### PROBLEM STATEMENT
Reproduce exactly the lines from the one that holds "Deze Argos Line" through the last line of the entries, both ends included, but not the pictures.

· · · · ·

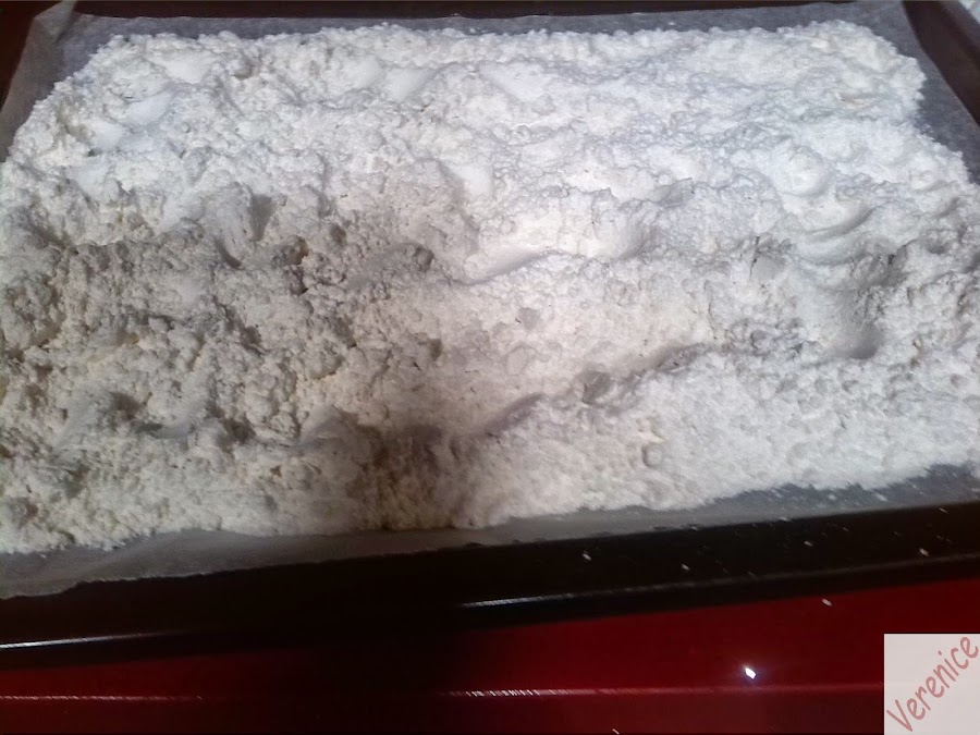 Ponemos papel vegetal en una bandeja para horno y extendemos la harina para que se tueste, moviendo cada diez minutos para que no se queme, en total 30 minutos
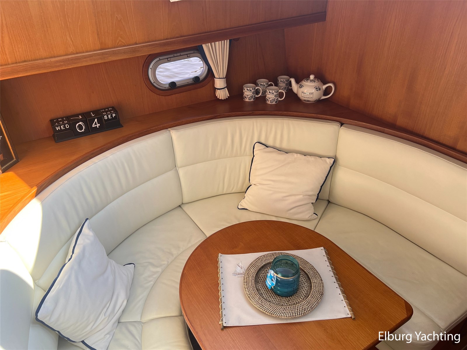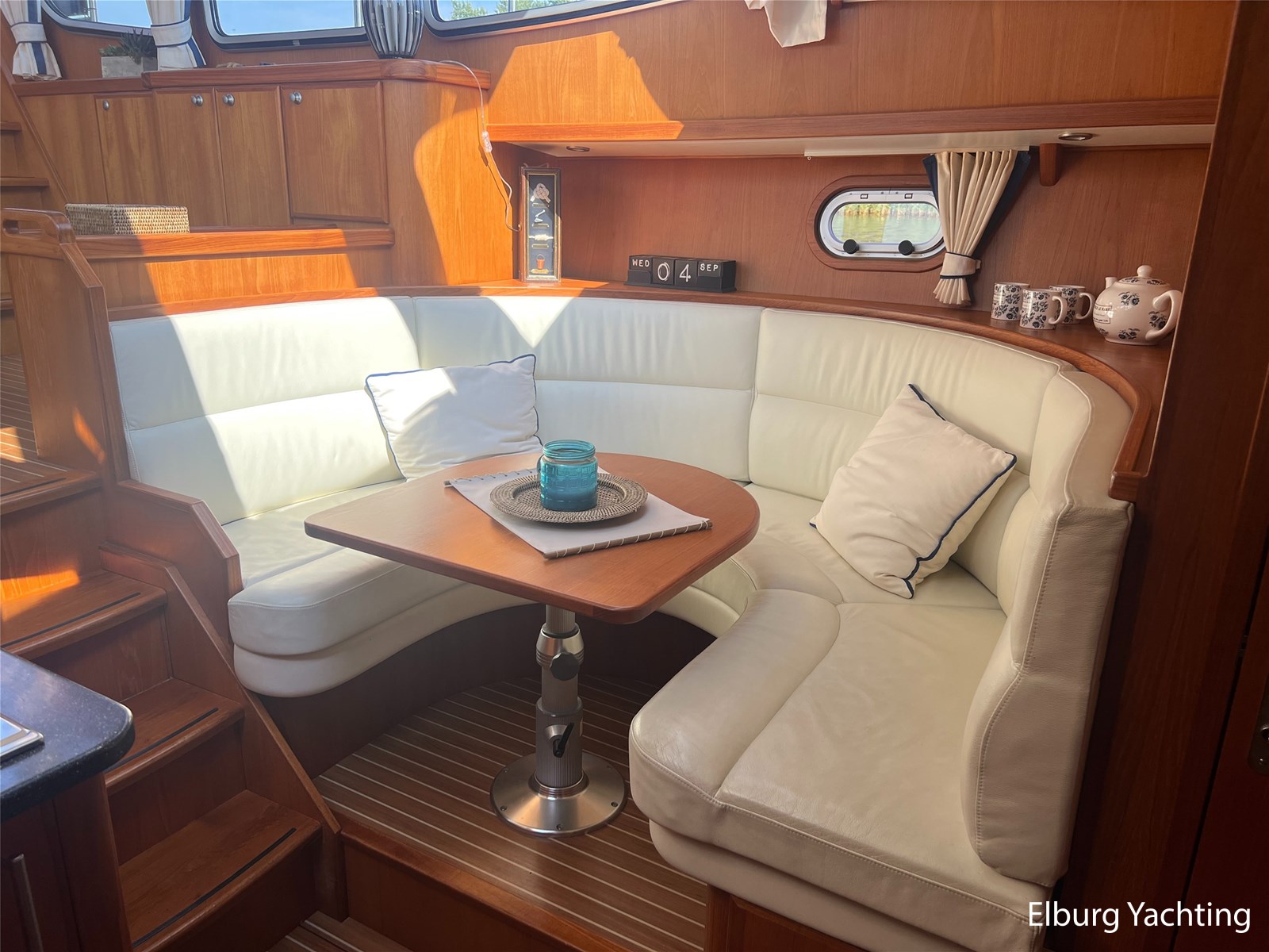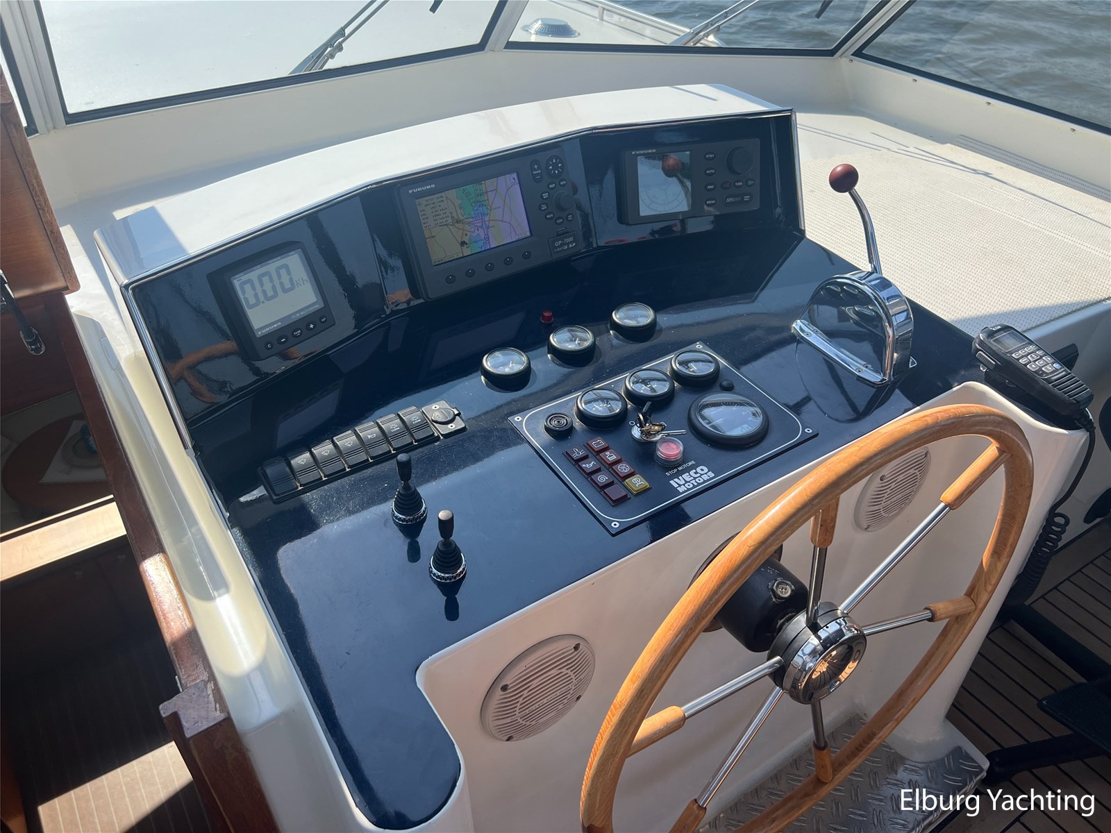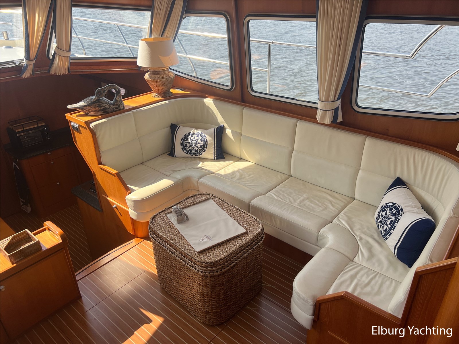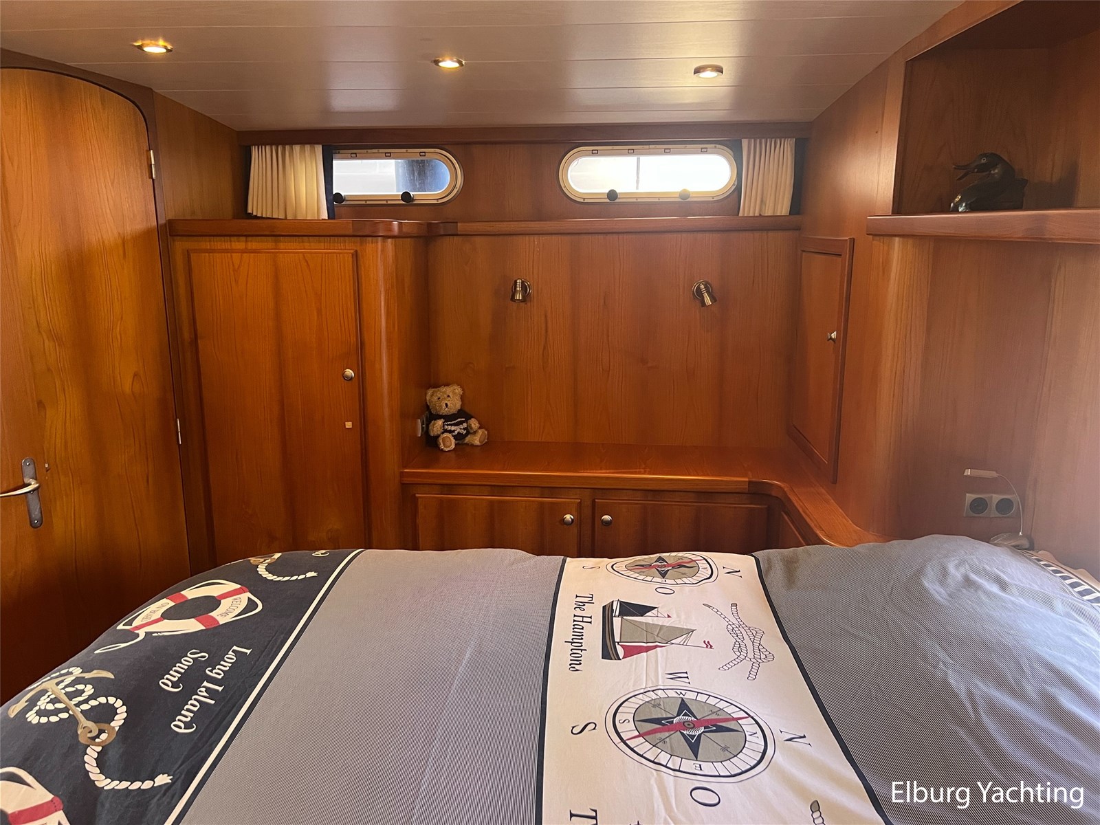 Deze Argos Line 12.50 wordt gekenmerkt door haar grote leefruimte zowel aan dek als in het interieur. Het schip heeft een ruime u bank op het achterdek met een comfortabele zit. De tent is over het gehele achterdek afsluitbaar zodat er ook met minder weer comfortabel buiten gezeten kan worden in combinatie met de uitblaasopeningen van de verwarming. De ramen in de tent zijn in 2024 vervangen. Daarnaast beschikt het schip over twee zeer ruime luie trappen naar het achterdek wat het zwemmen of op en afstappen erg vergemakkelijkt. Binnen is het schip uitgerust met een volwaardige salon, dinette en twee riante hutten met een vrijstaand bed en een frans bed. Verder wordt dit schip geleverd met o.a: r.v.s. bolders, ruime gangboorden, 2 x uitsparing in reling voor gemakkelijk afstappen, separate r.v.s. trap om vanuit de reling op laaggelegen steiger te komen, dubbele r.v.s. reling rondom, klapbare beugel, stalen gangboorden, overzichtelijk dashboard, ruim opgezet interieur, 3 x ruitenwissers, verlaagbare tafel in dinette voor extra te creëren slaapmogelijkheid, dubbel glas, vanaf boven de waterlijn volledig geisoleerd, raam in spiegel eigenaarshut, muggenhorren, separate douche, dubbele dynamo. Voor vragen en/of het maken van een afspraak bent u 7 dagen per week van harte welkom bij Elburg Yachting.
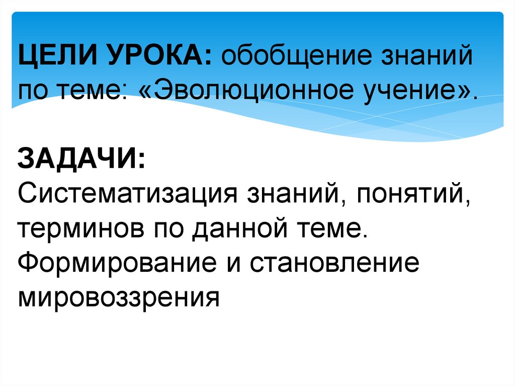 ЦЕЛИ УРОКА: обобщение знанийпо теме: «Эволюционное учение».
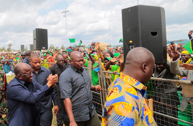 Rais wa Jamhuri ya Muungano wa Tanzania Mhe. Dkt. John Pombe Magufuli akiagana na mananchi mara baada ya kufungua Kituo cha Kisasa cha Mabasi cha Korogwe mjini mkoani Tanga.
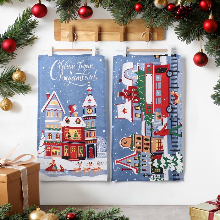 Заказать Набор кухонных полотенец из рогожки С Новым годом 35*60см (2шт)

· · · · ·

### TASK ANSWER
 Deze Argos Line 12.50 wordt gekenmerkt door haar grote leefruimte zowel aan dek als in het interieur. Het schip heeft een ruime u bank op het achterdek met een comfortabele zit. De tent is over het gehele achterdek afsluitbaar zodat er ook met minder weer comfortabel buiten gezeten kan worden in combinatie met de uitblaasopeningen van de verwarming. De ramen in de tent zijn in 2024 vervangen. Daarnaast beschikt het schip over twee zeer ruime luie trappen naar het achterdek wat het zwemmen of op en afstappen erg vergemakkelijkt. Binnen is het schip uitgerust met een volwaardige salon, dinette en twee riante hutten met een vrijstaand bed en een frans bed. Verder wordt dit schip geleverd met o.a: r.v.s. bolders, ruime gangboorden, 2 x uitsparing in reling voor gemakkelijk afstappen, separate r.v.s. trap om vanuit de reling op laaggelegen steiger te komen, dubbele r.v.s. reling rondom, klapbare beugel, stalen gangboorden, overzichtelijk dashboard, ruim opgezet interieur, 3 x ruitenwissers, verlaagbare tafel in dinette voor extra te creëren slaapmogelijkheid, dubbel glas, vanaf boven de waterlijn volledig geisoleerd, raam in spiegel eigenaarshut, muggenhorren, separate douche, dubbele dynamo. Voor vragen en/of het maken van een afspraak bent u 7 dagen per week van harte welkom bij Elburg Yachting.
 ЦЕЛИ УРОКА: обобщение знанийпо теме: «Эволюционное учение».
 Rais wa Jamhuri ya Muungano wa Tanzania Mhe. Dkt. John Pombe Magufuli akiagana na mananchi mara baada ya kufungua Kituo cha Kisasa cha Mabasi cha Korogwe mjini mkoani Tanga.
 Заказать Набор кухонных полотенец из рогожки С Новым годом 35*60см (2шт)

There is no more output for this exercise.